• _AIM OF THE TASK_
Could you transcribe each record below exactly as written, setting the pictures aside?
━━━━
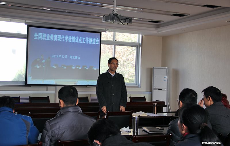 12月12日下午14时,在河北唐山职业技术学院召开全国职业教育现代学徒制试点工作推进会,我校作为试点工作参与研究设计的学校之一,不单派出了专人赶赴现场参加会议,还组织全体教研室主任以上人员,在会议室统一观看推进会网络直播,认真领会会议精神,学习和借鉴相关企业、学校的成功经验。
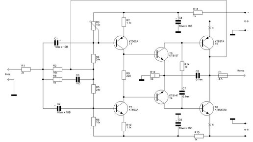 Высококачественный УМЗЧ класса В Дорофеева (практически не имеет нелинейных искажений)
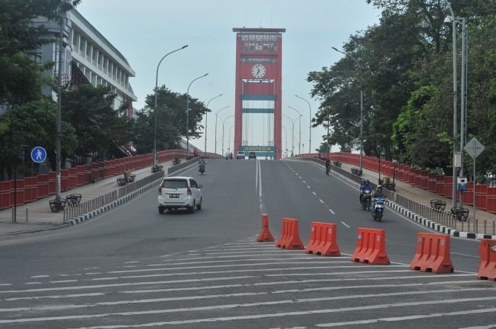 Titik 2 penutupan total pada sisi hulu jembatan ampera. Lalu lintas diarahkan melalui jembatan musi IV (via plaju) dan musi VI (via Kertapati).
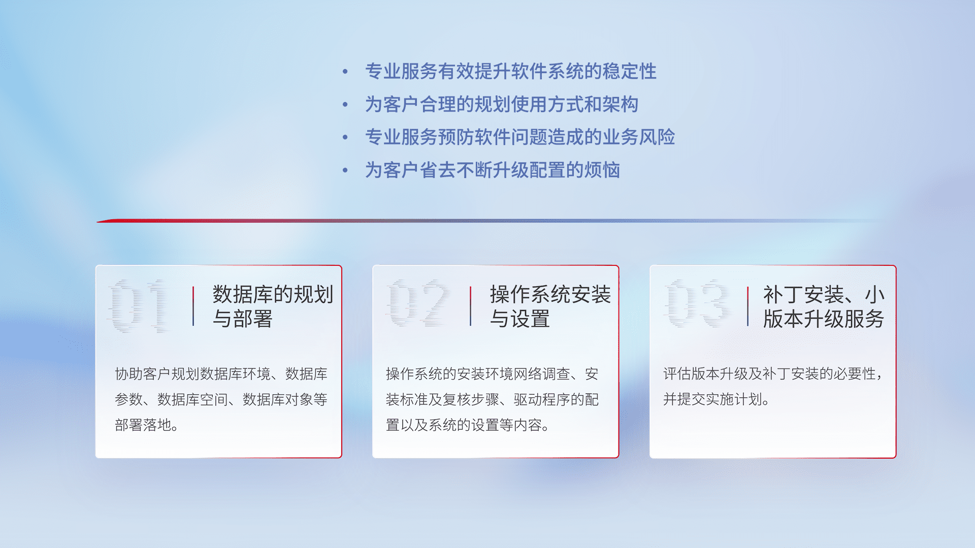 为客户提供软件规模升级、、、、快速部署、、、、按需配置的专业服务,,,,从数据库的规划与部署到操作系统的安装与设置,,,,再到补丁安装和小版本升级提供支持。。。
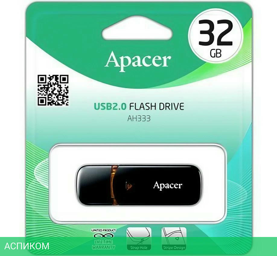 32 ГБ / черный / USB 2.0 Type-A / с колпачком / пластик
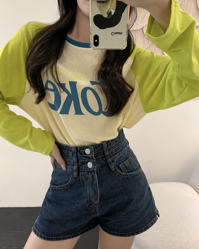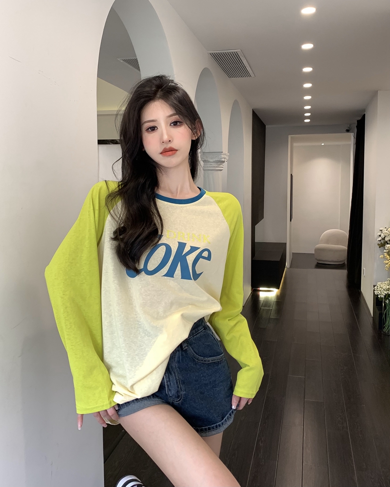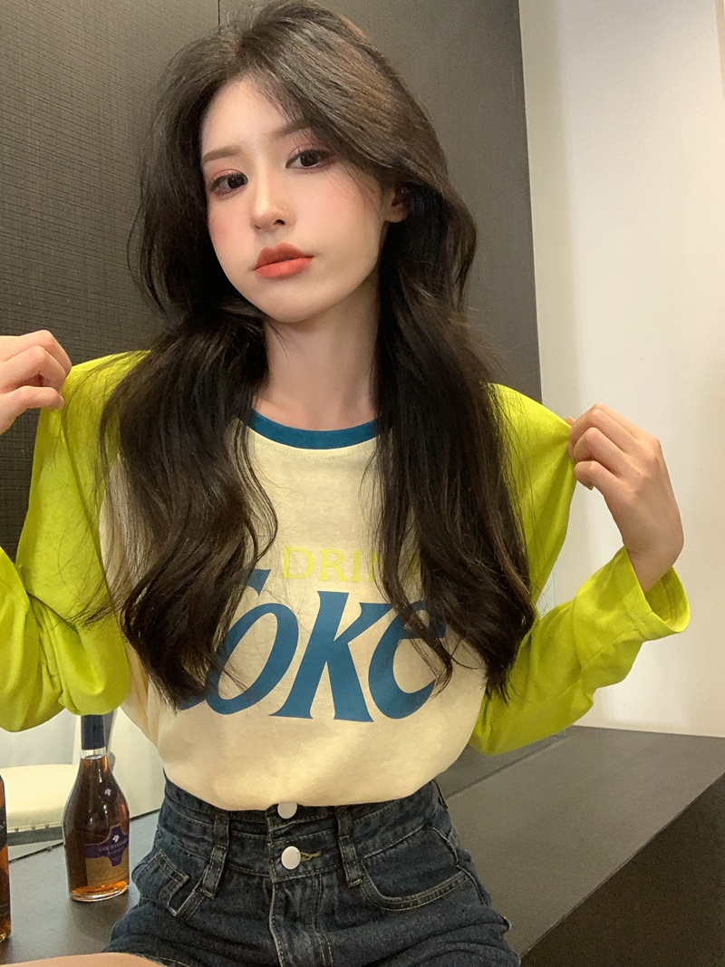 여름 홍콩 스타일의 실제 사진 세련된 편지 인쇄 대조 컬러 래그 졸 소매 느슨한 긴 슬리브 티셔츠 in 얇은 선 스크린
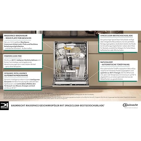 Thông tin sản phẩm Bauknecht B8I HP42 LC Fully Integrated Dishwasher, 60 cm, 15 Place Settings, PowerClean Pro-Effective High Pressure Nozzles, Natural Dry, Automatic Door Opening, Better Drying, MaxiSpace-More Interior
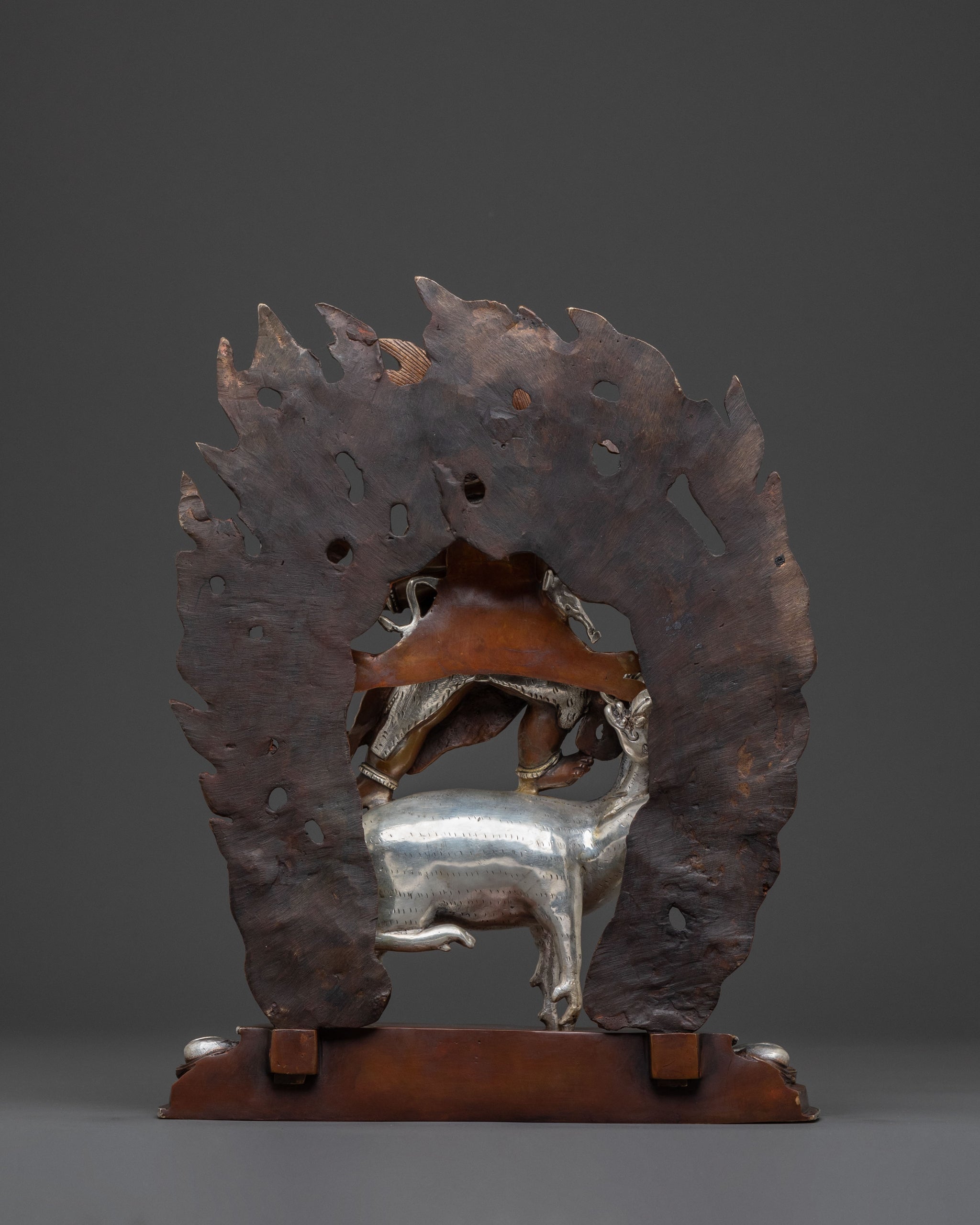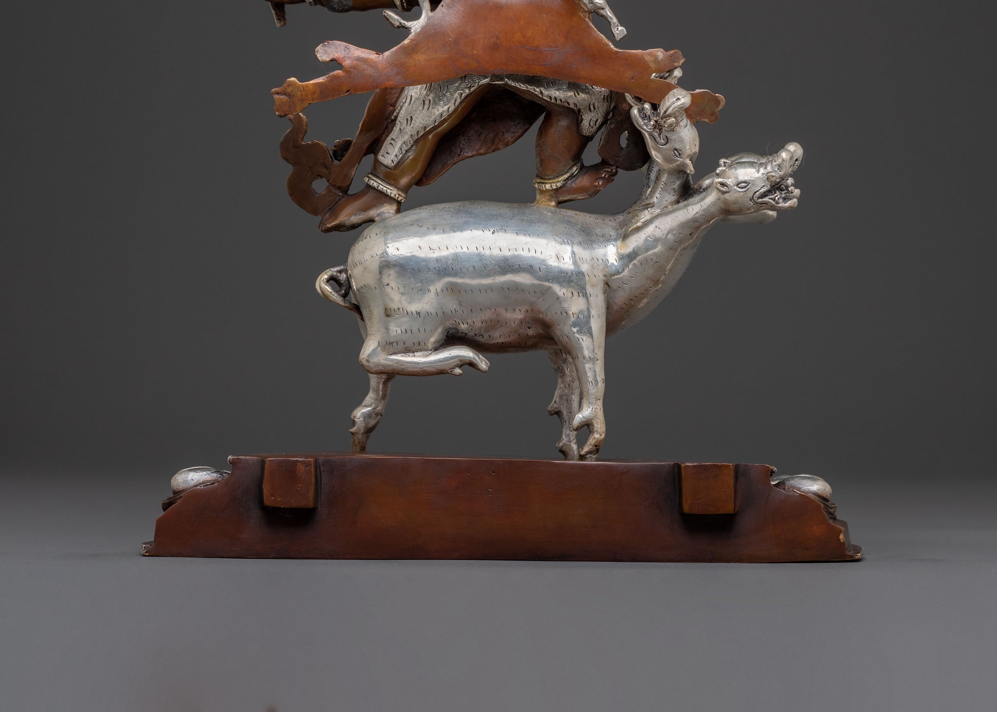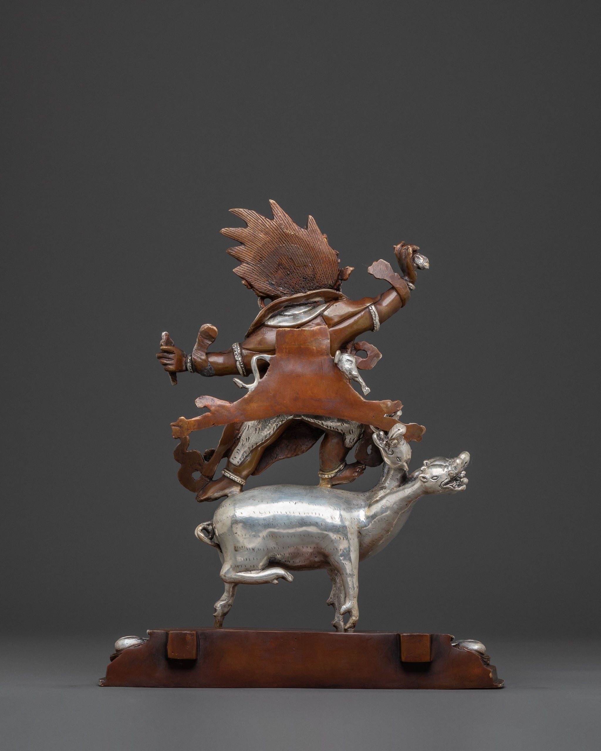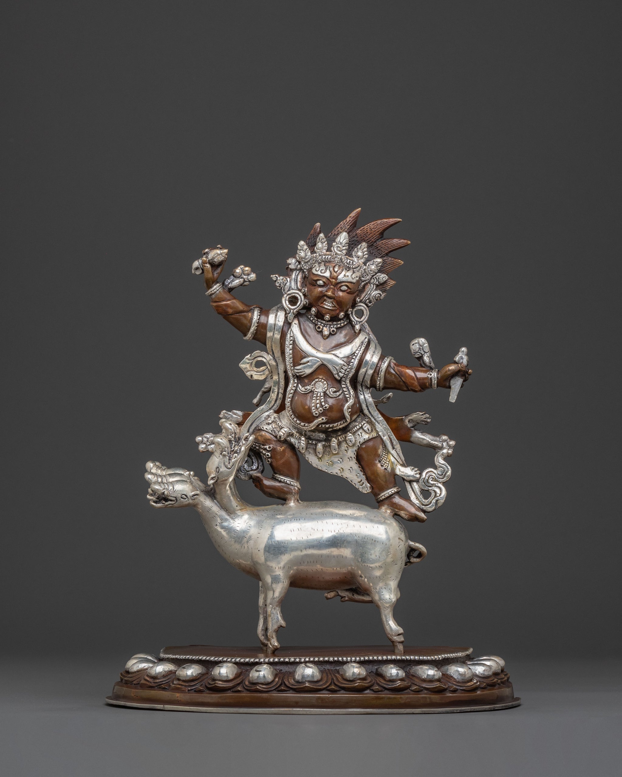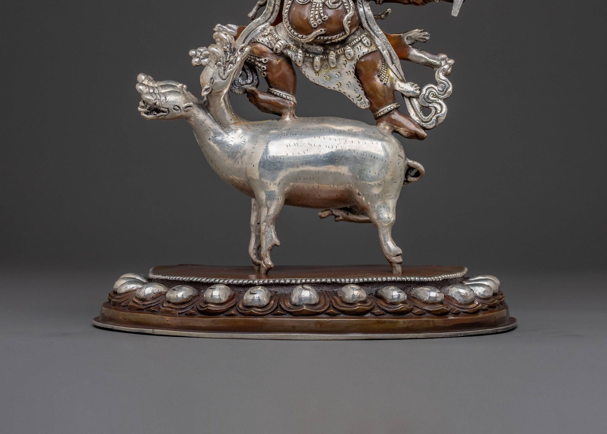 This Dorje Gotrab statue stands 11.81 inches (30cm) tall with a 9.06-inch (23cm) base and weighs 3.88 kg. Handcrafted from oxidized copper and enhanced with silver electroplating, this powerful meditation statue reflects authentic Nepalese artistry. Made by skilled Newar artisans, it is perfect for personal altars, meditation spaces, or as a meaningful spiritual gift.
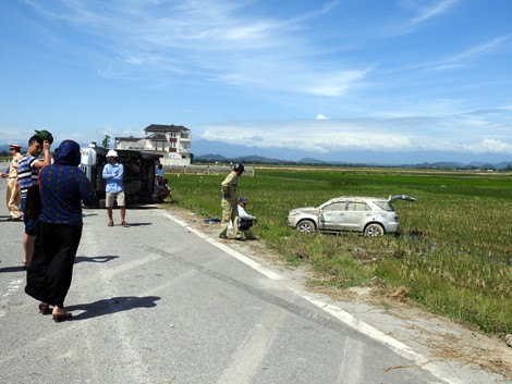 Sau khi gây tai nạn chiếc xe lao xuống ruộng.
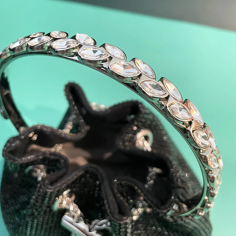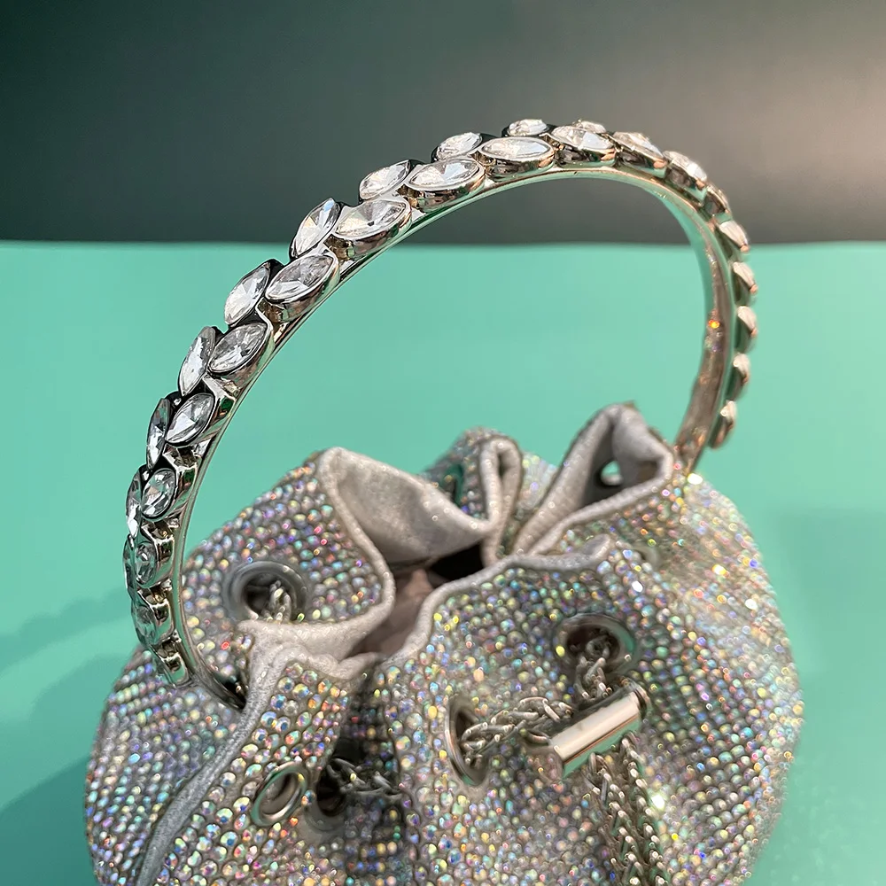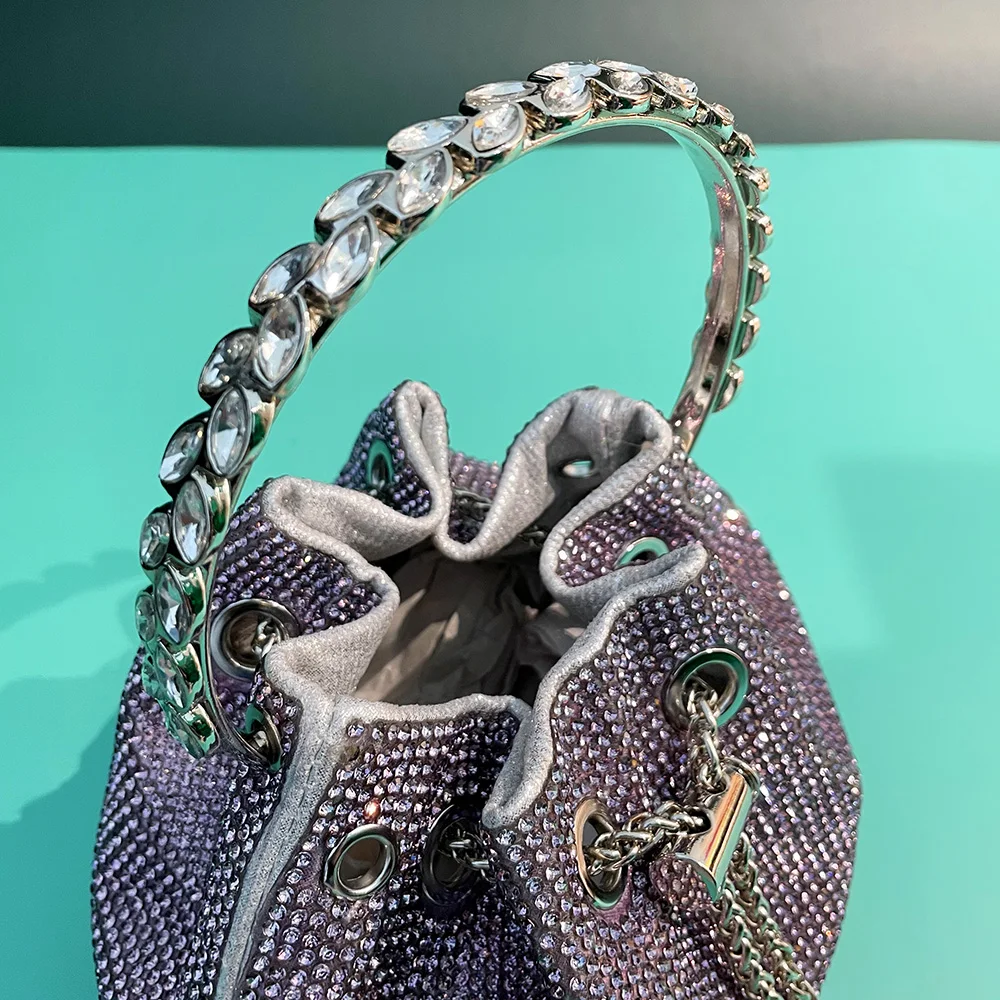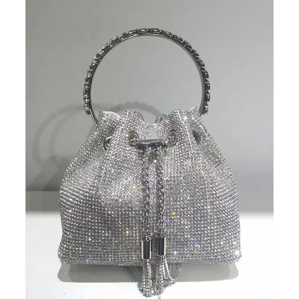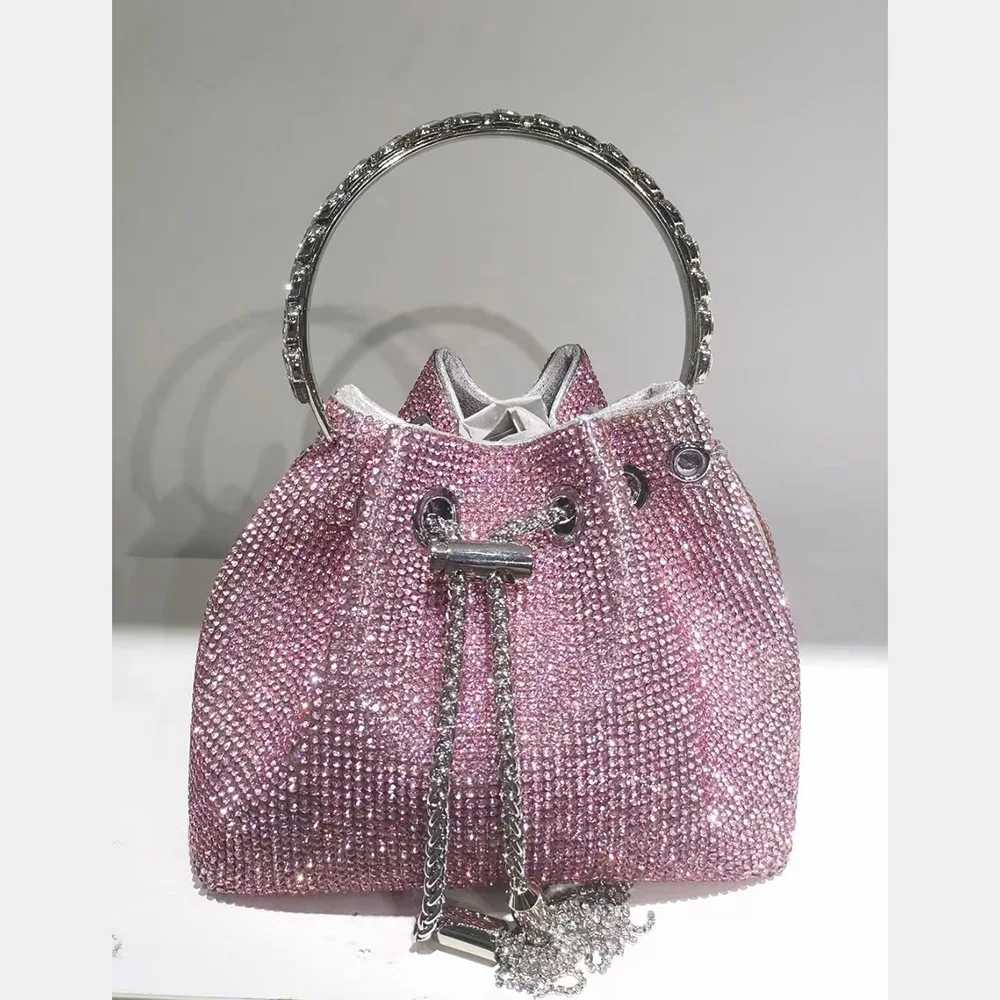 搶先評價 “頂部手柄水鑽晚裝手拿包女包錢包水桶女士手提包奢華設計師鑽石單肩閃亮水晶”
━━━━
• _EXERCISE ANSWER_
 12月12日下午14时,在河北唐山职业技术学院召开全国职业教育现代学徒制试点工作推进会,我校作为试点工作参与研究设计的学校之一,不单派出了专人赶赴现场参加会议,还组织全体教研室主任以上人员,在会议室统一观看推进会网络直播,认真领会会议精神,学习和借鉴相关企业、学校的成功经验。
 Высококачественный УМЗЧ класса В Дорофеева (практически не имеет нелинейных искажений)
 Titik 2 penutupan total pada sisi hulu jembatan ampera. Lalu lintas diarahkan melalui jembatan musi IV (via plaju) dan musi VI (via Kertapati).
 为客户提供软件规模升级、、、、快速部署、、、、按需配置的专业服务,,,,从数据库的规划与部署到操作系统的安装与设置,,,,再到补丁安装和小版本升级提供支持。。。
 32 ГБ / черный / USB 2.0 Type-A / с колпачком / пластик
 여름 홍콩 스타일의 실제 사진 세련된 편지 인쇄 대조 컬러 래그 졸 소매 느슨한 긴 슬리브 티셔츠 in 얇은 선 스크린
 Thông tin sản phẩm Bauknecht B8I HP42 LC Fully Integrated Dishwasher, 60 cm, 15 Place Settings, PowerClean Pro-Effective High Pressure Nozzles, Natural Dry, Automatic Door Opening, Better Drying, MaxiSpace-More Interior
 This Dorje Gotrab statue stands 11.81 inches (30cm) tall with a 9.06-inch (23cm) base and weighs 3.88 kg. Handcrafted from oxidized copper and enhanced with silver electroplating, this powerful meditation statue reflects authentic Nepalese artistry. Made by skilled Newar artisans, it is perfect for personal altars, meditation spaces, or as a meaningful spiritual gift.
 Sau khi gây tai nạn chiếc xe lao xuống ruộng.
 搶先評價 “頂部手柄水鑽晚裝手拿包女包錢包水桶女士手提包奢華設計師鑽石單肩閃亮水晶”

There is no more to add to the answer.